- _Activity_: Give the data below again exactly as written, without its pictures.

- _Source material_:
--
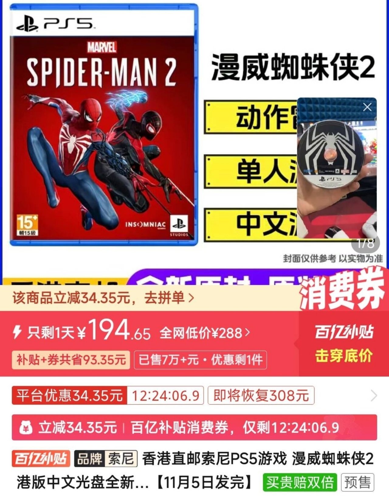 蜘蛛俠2 194,這批裏面最搶手的,比二手便宜50+。
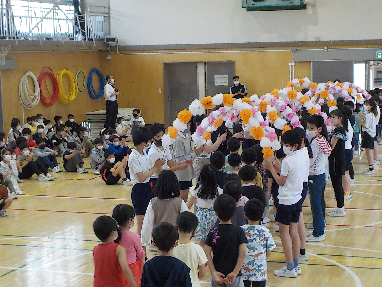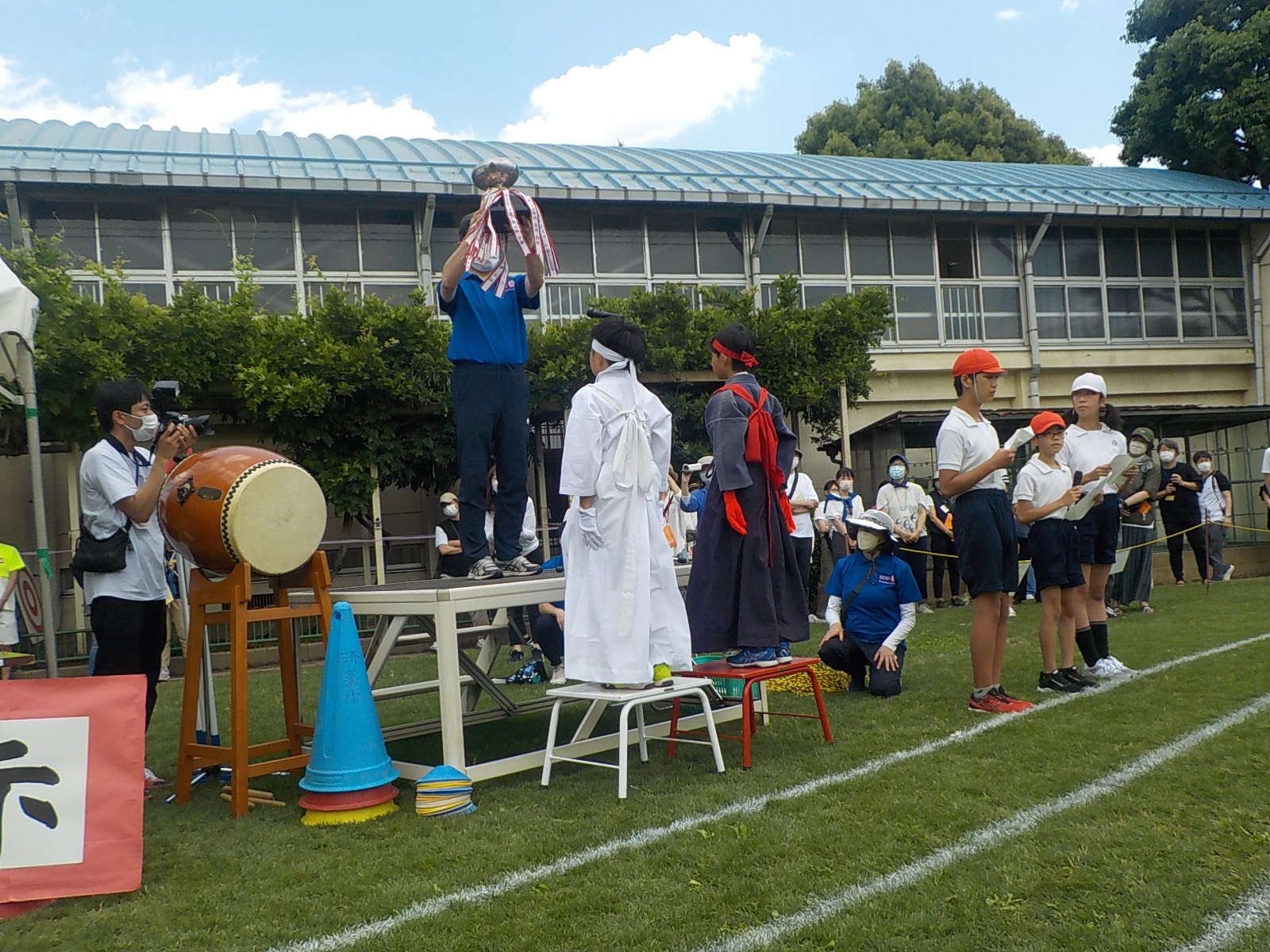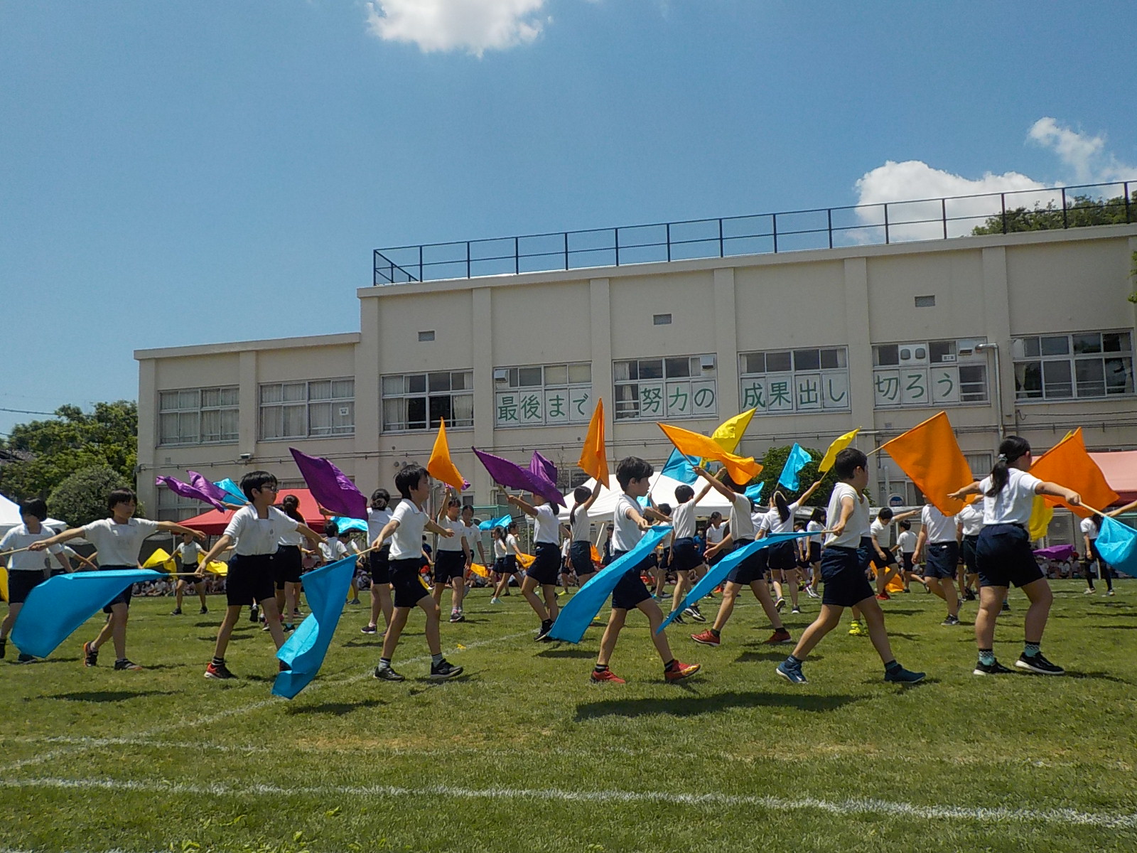前日の雨から一転、厳しい暑さとなった28日、第69回運動会が開催されました。今年は3年ぶりに全校児童が校庭に集合し行われました。各学年の演目に6年生が手拍子を送ると、その拍手が全校に広がる場面もあり心温まる運動会になりました。赤白の応援も応援団を中心に盛り上がり、今年の結果はわずか7点差で赤組が勝利しました。「最後まで努力の成果出し切ろう」のスローガンの通り、みんなが全力を出し切った運動会でした。
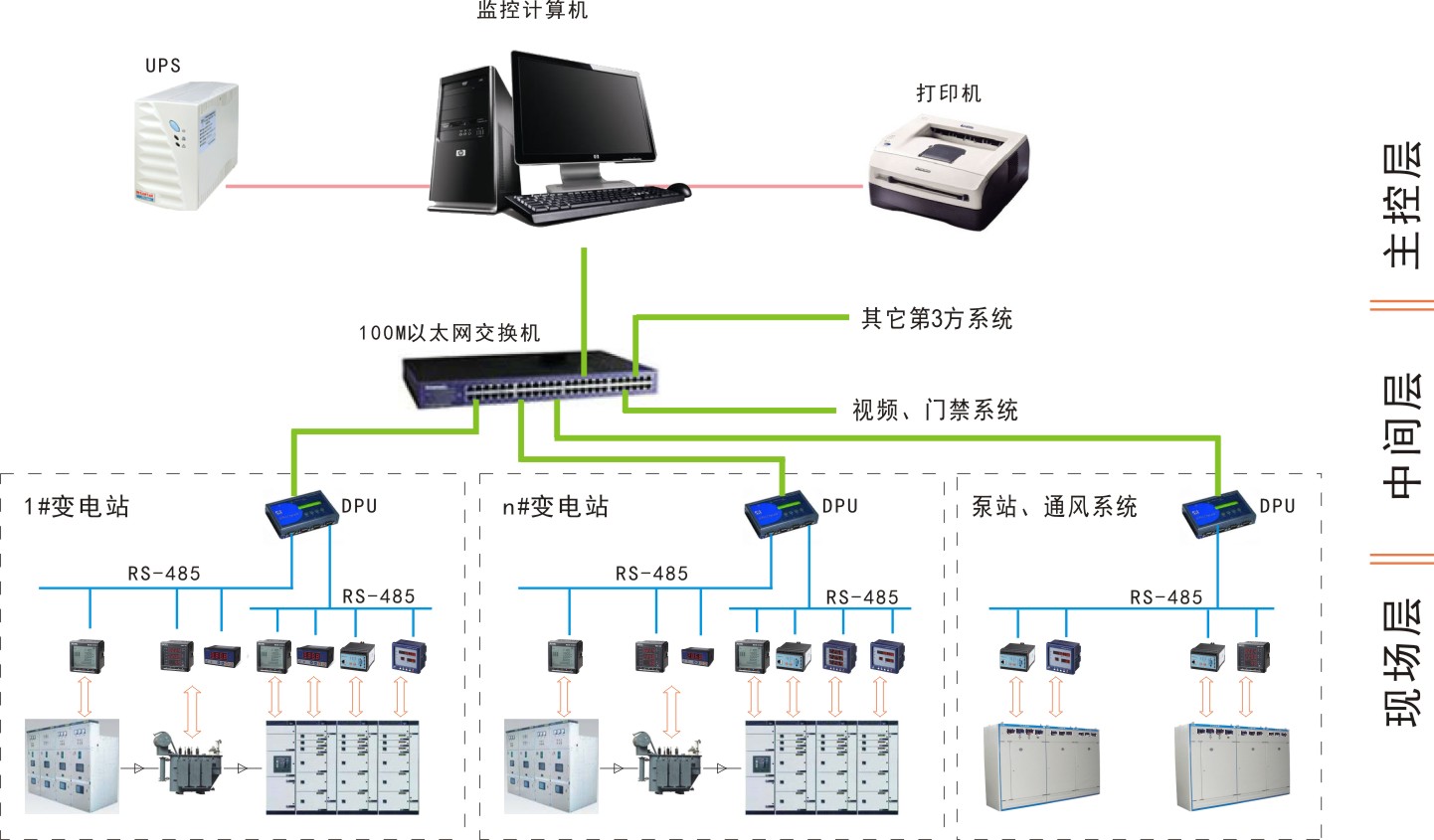 现场层:由电能质量分析仪、多功能测控仪、关口电度表等组成,进行各种数据的实时检测、记录。
--
- _Response_:
 蜘蛛俠2 194,這批裏面最搶手的,比二手便宜50+。
前日の雨から一転、厳しい暑さとなった28日、第69回運動会が開催されました。今年は3年ぶりに全校児童が校庭に集合し行われました。各学年の演目に6年生が手拍子を送ると、その拍手が全校に広がる場面もあり心温まる運動会になりました。赤白の応援も応援団を中心に盛り上がり、今年の結果はわずか7点差で赤組が勝利しました。「最後まで努力の成果出し切ろう」のスローガンの通り、みんなが全力を出し切った運動会でした。
 现场层:由电能质量分析仪、多功能测控仪、关口电度表等组成,进行各种数据的实时检测、记录。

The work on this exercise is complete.